BEGIN

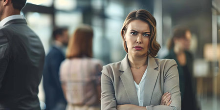 Woman with arms crossed in the middle of a workspace generative ai
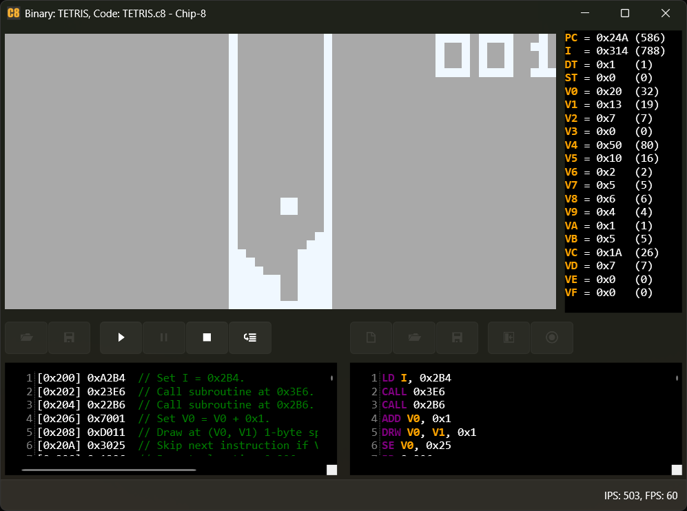 - A user interface capable of loading, running and debugging CHIP-8 programs
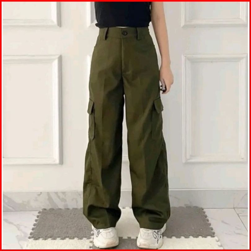 Celana Panjang Anak Perempuan Cargo Kargo Remaja Tanggung Cewek Wanita Usia 8 9 10 11 12 13 14 15 16 Tahun Korean Style

END

WHAT NEEDS TO BE DONE: Restate the data word for word without pictures.

OUTPUT OF THE TASK:
 Woman with arms crossed in the middle of a workspace generative ai
 - A user interface capable of loading, running and debugging CHIP-8 programs
 Celana Panjang Anak Perempuan Cargo Kargo Remaja Tanggung Cewek Wanita Usia 8 9 10 11 12 13 14 15 16 Tahun Korean Style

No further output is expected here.